▶ **Supplied material**
== Segment start ==

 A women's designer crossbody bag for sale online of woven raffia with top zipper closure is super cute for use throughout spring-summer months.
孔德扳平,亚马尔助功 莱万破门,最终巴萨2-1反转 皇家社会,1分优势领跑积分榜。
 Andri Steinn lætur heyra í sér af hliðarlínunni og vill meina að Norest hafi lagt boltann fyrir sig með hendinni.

== Segment end ==
== Segment start ==

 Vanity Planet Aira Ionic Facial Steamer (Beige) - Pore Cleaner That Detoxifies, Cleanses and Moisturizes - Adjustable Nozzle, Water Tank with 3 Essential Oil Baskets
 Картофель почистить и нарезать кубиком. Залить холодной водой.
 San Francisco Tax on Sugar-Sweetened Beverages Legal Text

== Segment end ==
== Segment start ==

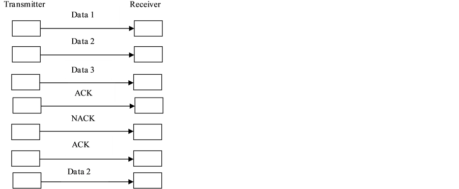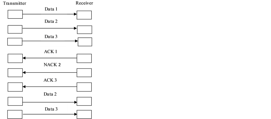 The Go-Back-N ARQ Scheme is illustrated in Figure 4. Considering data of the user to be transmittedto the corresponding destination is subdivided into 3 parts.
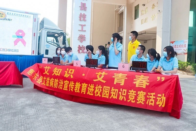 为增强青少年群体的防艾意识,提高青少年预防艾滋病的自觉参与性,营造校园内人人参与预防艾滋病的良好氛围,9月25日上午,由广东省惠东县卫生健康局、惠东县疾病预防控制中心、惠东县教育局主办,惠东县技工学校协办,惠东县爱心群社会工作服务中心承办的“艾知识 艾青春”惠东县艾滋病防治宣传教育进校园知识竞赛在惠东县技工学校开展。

== Segment end ==

Print, from the entries above, the line with "A women's designer", the line with "Andri Steinn lætur" and all lines between them, exactly and with nothing else.

 A women's designer crossbody bag for sale online of woven raffia with top zipper closure is super cute for use throughout spring-summer months.
孔德扳平,亚马尔助功 莱万破门,最终巴萨2-1反转 皇家社会,1分优势领跑积分榜。
 Andri Steinn lætur heyra í sér af hliðarlínunni og vill meina að Norest hafi lagt boltann fyrir sig með hendinni.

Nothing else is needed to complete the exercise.